If Jack Ryan’s sealed divorce papers are legitimate objects for perusal (and you are prepared to force the issue in court), why not Kerry’s? Can’t you just wait for the Chicago Tribune to explain why they won’t pursue the story? Here’s the Trib’s specious justification for their witch-hunt:
This nation has a long tradition of open courts. There’s good reason for that. A court shrouded in secrecy is a court far more at risk to be corrupted or abused, a court that is more likely to favor those who are wealthy, powerful or politically connected.
That is why court files are open, unless a compelling interest tips the balance in favor of secrecy. Juvenile Court records are one common exception. Divorce records are not.
Last week, a California judge ruled that the Ryan divorce files should be unsealed to maintain that principle of openness.
“The public interest is for the fair, efficient and open operation of the court system,” Superior Court Judge Robert Schnider said. “The openness of court files must be maintained so that the public can … be assured that there is no favoritism shown to the rich and the powerful. Protection from embarrassment cannot be a basis for keeping from the public what is put in public courts.”
That standard of openness is all the more crucial when it comes to information regarding candidates for public office.
Now tell me how that doesn’t apply to Kerry.
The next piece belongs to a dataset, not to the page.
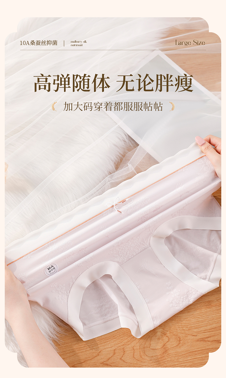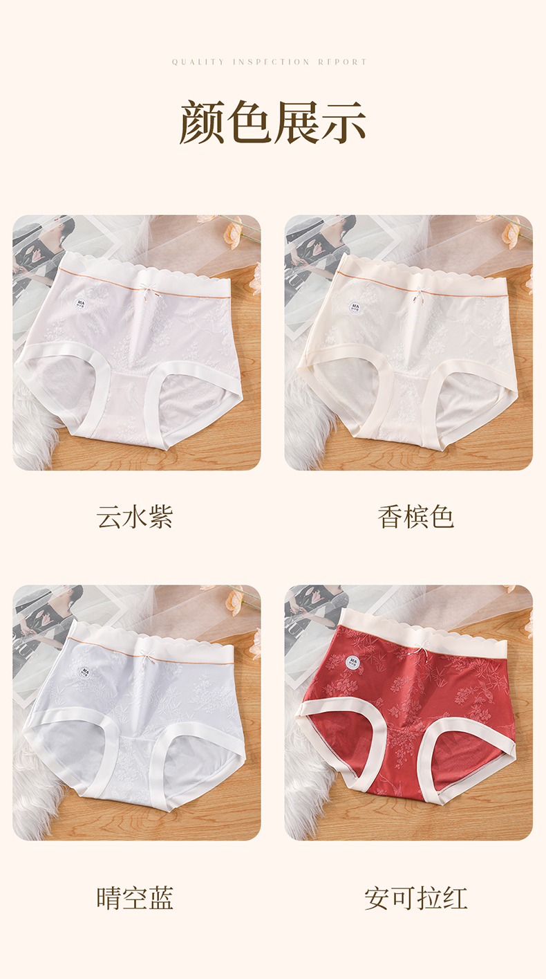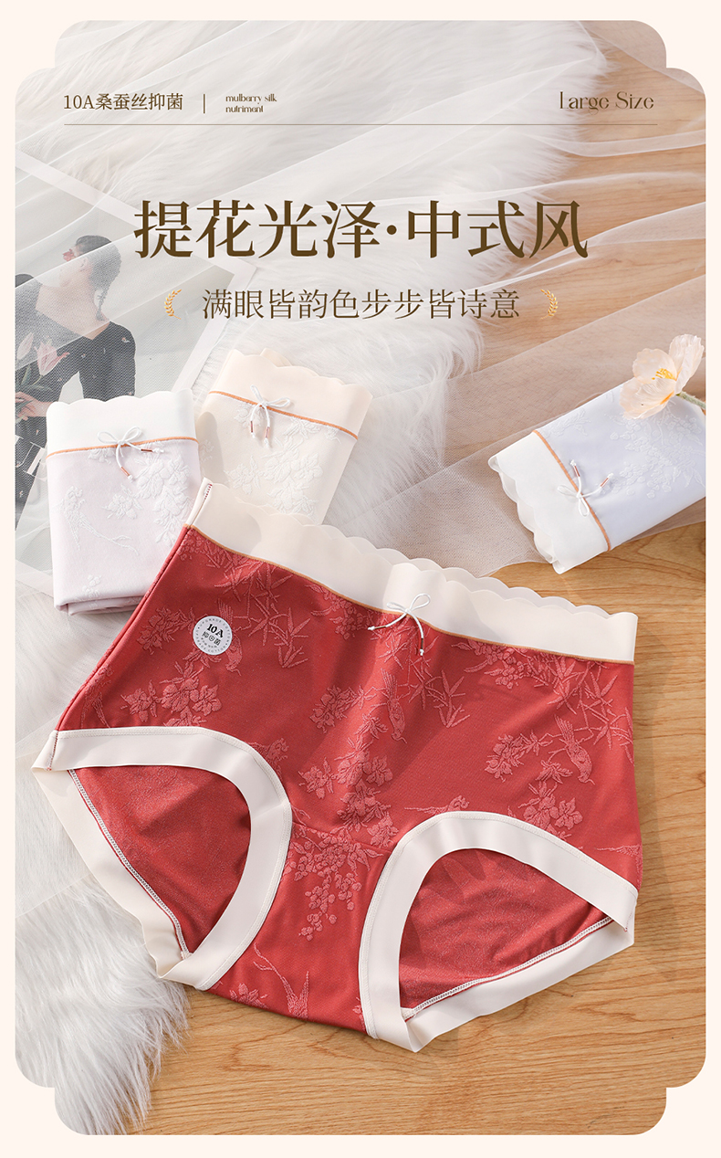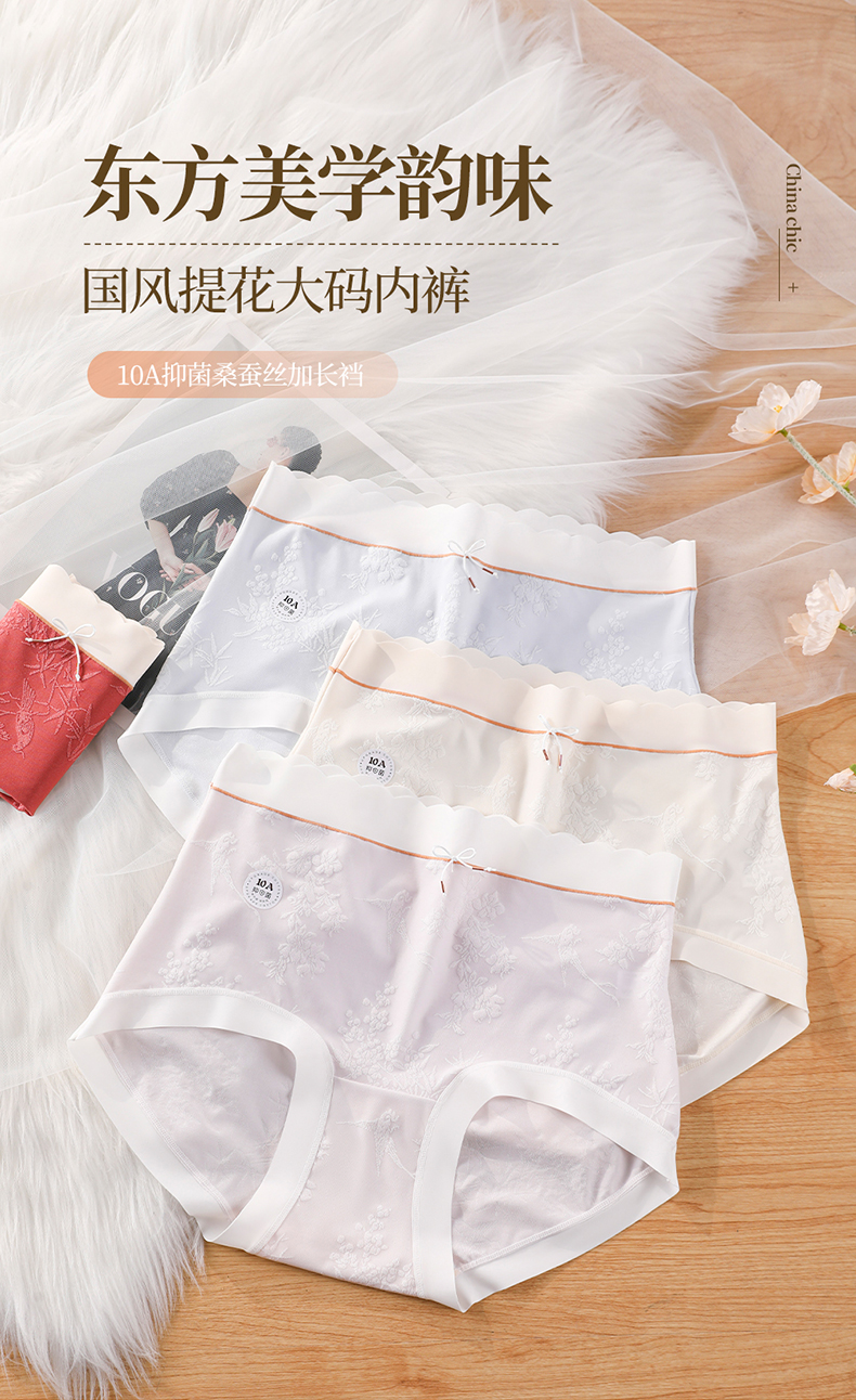 国风浮雕提花大码内裤女高腰收腹桑蚕丝加长裆冰丝内裤 398#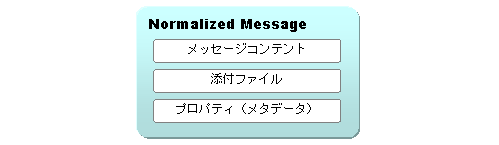 ノーマライズメッセージ(Normalized Message)は、サービス間でやり取りするメッセージの本文です。ノーマライズメッセージには、次のサービスへ伝達するXML文書が入るメッセージコンテントの他、添付ファイルとプロパティが含まれます。プロパティには、コンポーネントの処理で必要となるメッセージのヘッダのような付加情報を任意で追加できるほか、JBI仕様で予め規定されたセキュリティサブジェクト、プロトコルタイプ、プロトコルヘッダが格納されます。

In some ways, the Kerry divorce may have more public ramifications, because Kerry was also granted an annulment, indicating that the marriage, strictly speaking, was never fully valid in the Catholic church. Why? Was this special treatment for a powerful pol? On the Trib’s reasoning, isn’t that worth investigating? On the privacy matter, Kerry’s marriage is also further in the past than Ryan’s. Kerry’s daughters are grown up, while Ryan’s son – forced to endure public airing of his parents’ marital conflicts – is still a kid. (Yes, we know how the Tribune feels about the sensibilities of a young, utterly innocent boy: screw him.) Let me be clear: I think Kerry should be left alone. But the press has absolutely no good reason to do so, now they have trashed any semblance of human privacy that we might still be entitled to. So we will now see the real ethics of the Chicago Tribune: that they are a partisan attack machine, shredding people’s privacy for their own political agenda.